Dee Kapur, International Truck and Engine Corp.’s new truck group president, says he’s still learning the ropes, but hasn’t seen anything that would prevent International from "reestablishing ourselves as the leading Class 8 manufacturer in North America."

At a recent trade media teleconference, company officials offered a broad view of their Class 8 strategy, which covers facilities, products, services and supplier partnerships.
Keeping the Chatham, Ontario, heavy truck plant open is a key factor in International’s Class 8 plans, said Jordan Feiger, vice president and general manager, Heavy Vehicle Center.
The company had announced it would close that facility this summer and move production of its heavy duty sleeper tractors to Mexico, but government assistance and union concessions recently prompted International to instead launch a $189-million, 10-year modernization project for Chatham.
Feiger said the Mexican plant would have worked fine but would have required some "pretty substantial" investments to add the capacity needed to get International through the next business up-cycle and enable it to grow Class 8 market share. Chatham, he added, not only has the capacity but has "great management and an experienced workforce."
With some 1,000 locations, International boasts the largest dealer network in North America. Feiger said they’d like to add even more locations and expand existing dealerships. At the same time, they’ll continue to add services such as a pre-owned truck certification program due to be unveiled soon.

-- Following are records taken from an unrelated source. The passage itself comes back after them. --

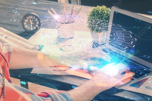 Double exposure of technology hologram with man working on computer background. Concept of big data.
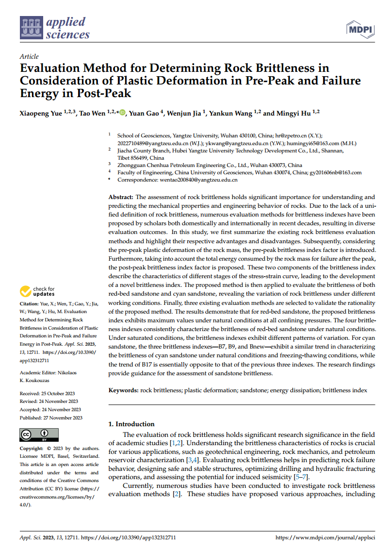 VSport岳晓朋在《Applied Sciences-Basel》上发表题为“Evaluation Method for Determining Rock Brittleness in Consideration of Plastic Deformation in Pre-Peak and Failure Energy in Post-Peak”的研究论文。VSport为论文第一署名单位,研究生岳晓朋为论文第一作者,温韬教授为通讯作者。
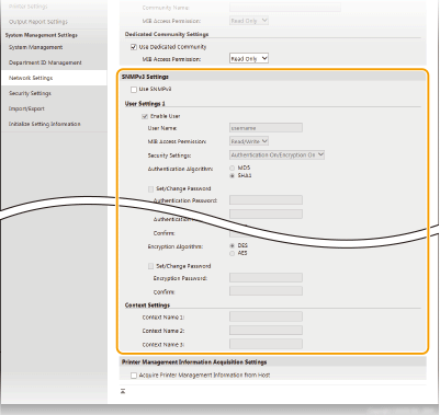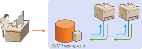 Протоколът SNMP (Simple Network Management Protocol) е протокол за наблюдение и управление на комуникационни устройства в мрежата чрез MIB (Management Information Base). Машината поддържа SNMPv1 и SNMPv3, чиято сигурност е подобрена. Можете да проверите състоянието на машината от компютър, когато отпечатвате документи или използвате потребителския интерфейс за отдалечено управление. Можете да активирате или SNMPv1, или SNMPv3, или и двата протокола едновременно. Задайте настройките за всяка версия според мрежовата среда и целите си.
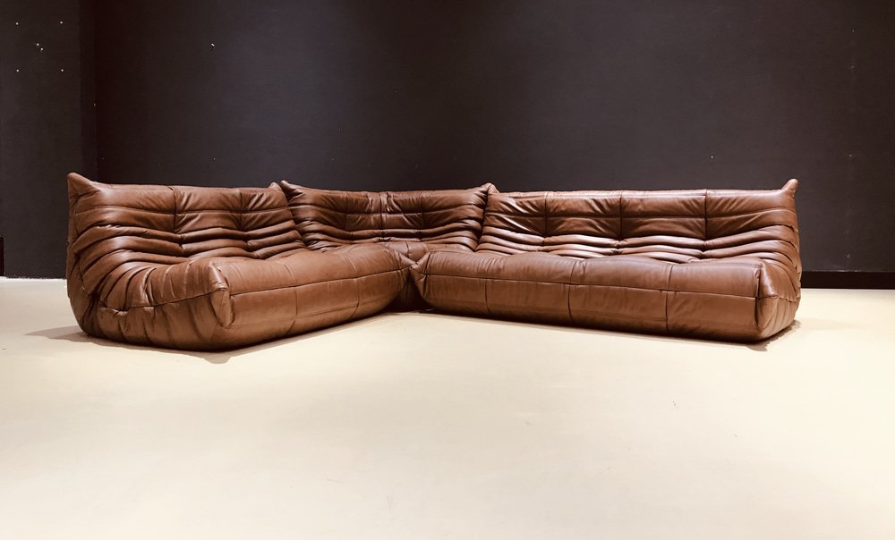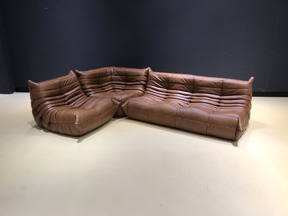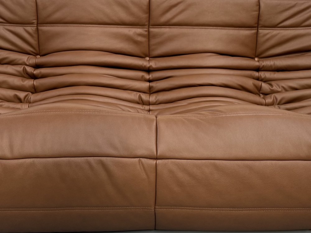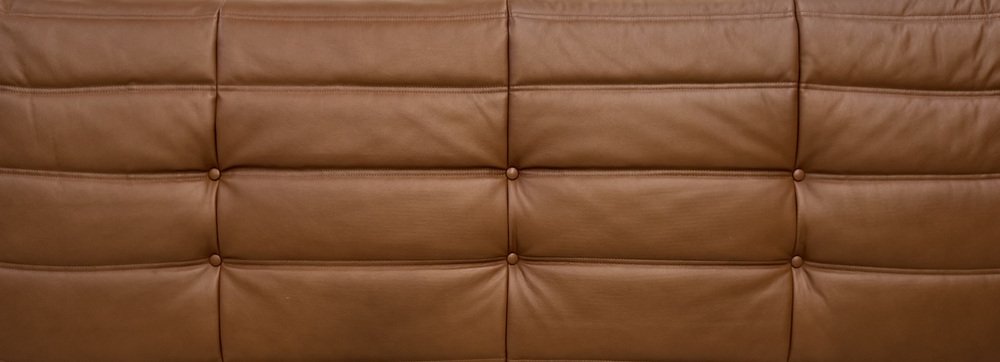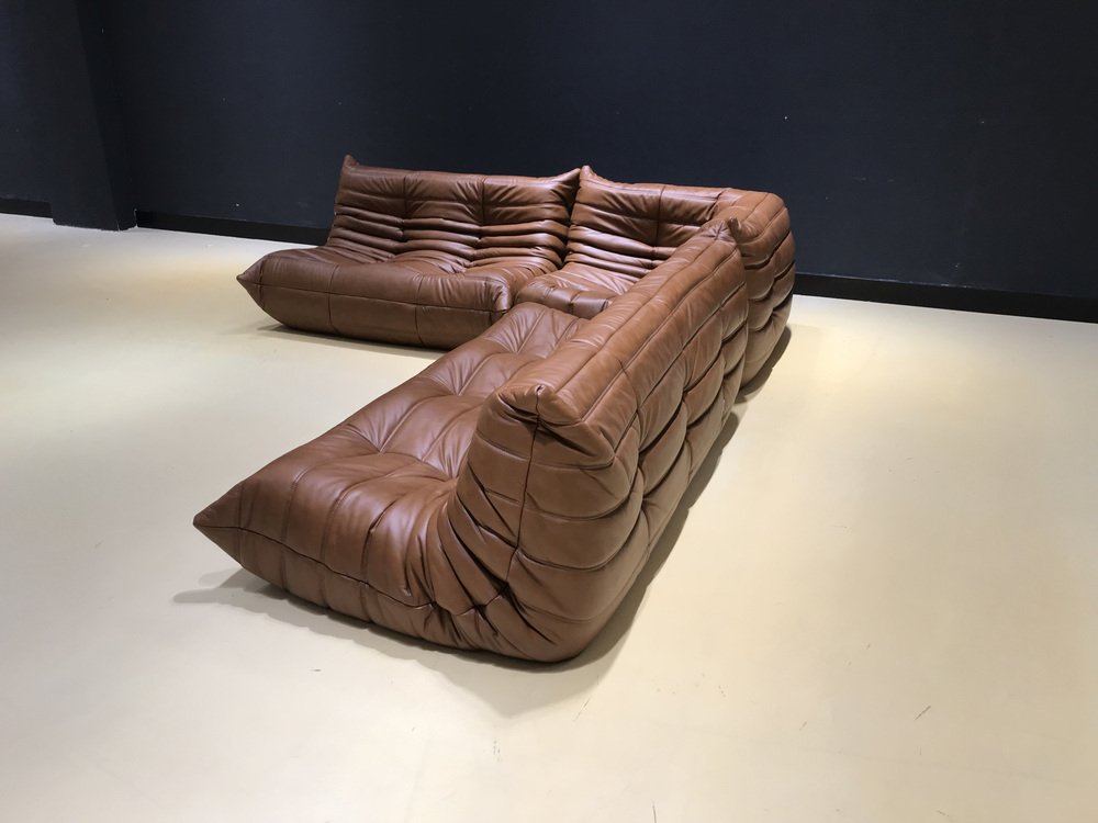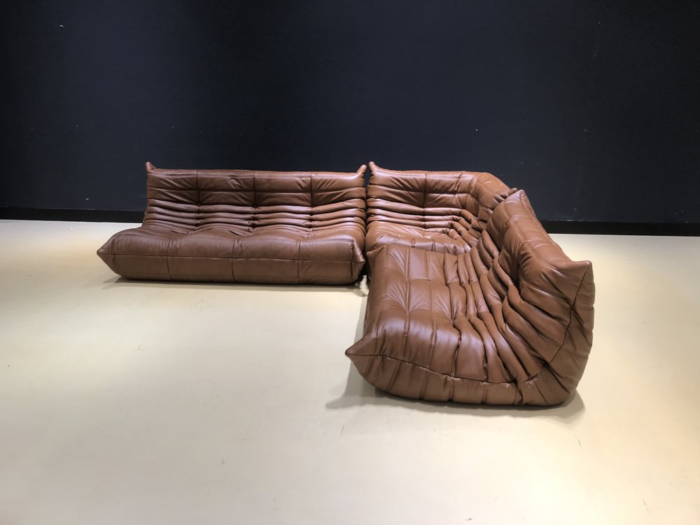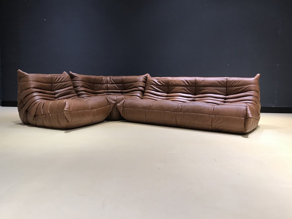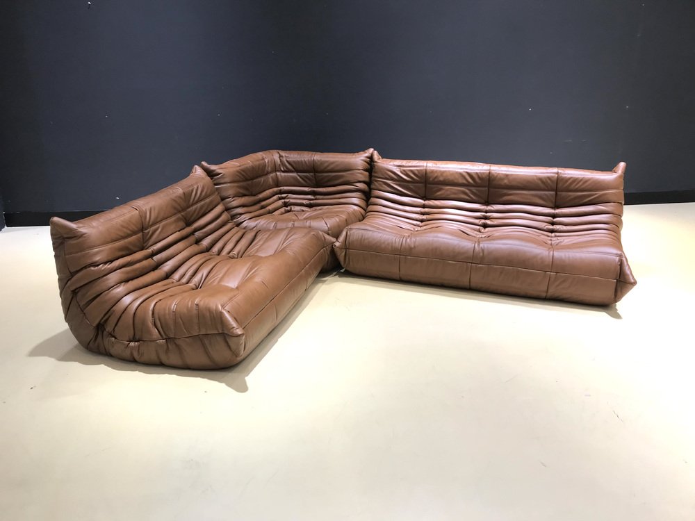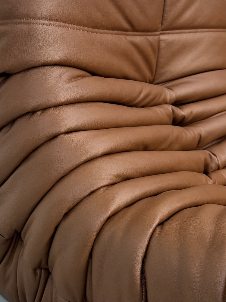 French Camel Brown Leather Togo Living Room Set attributed to Michel Ducaroy for Ligne Roset, Set of 4
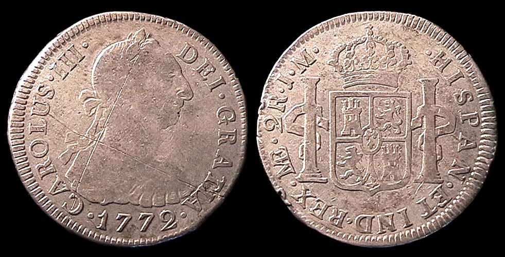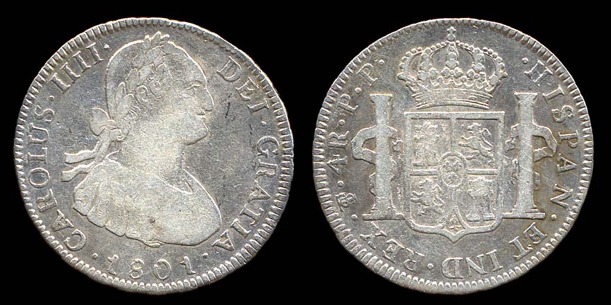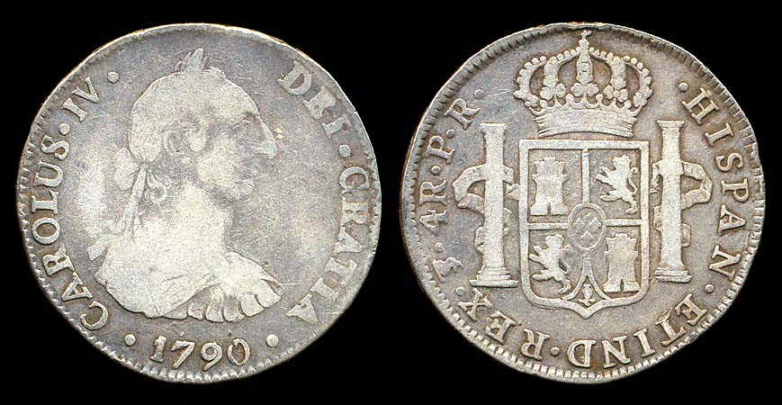 8 reales K87 1791 CAROLUS IV, chopmarks, F $100.00

On the product side, Feiger said International has had more new offerings in the last 18 months than any other manufacturer, and considers itself to be a leader in Class 8 aerodynamics and fuel economy. While the company seems satisfied with two engine suppliers, it is leaning to Class 8 integration with more long-term partnerships with drivetrain suppliers. That’s critical if International is going to provide the kind of performance and efficiency customers expect, he said.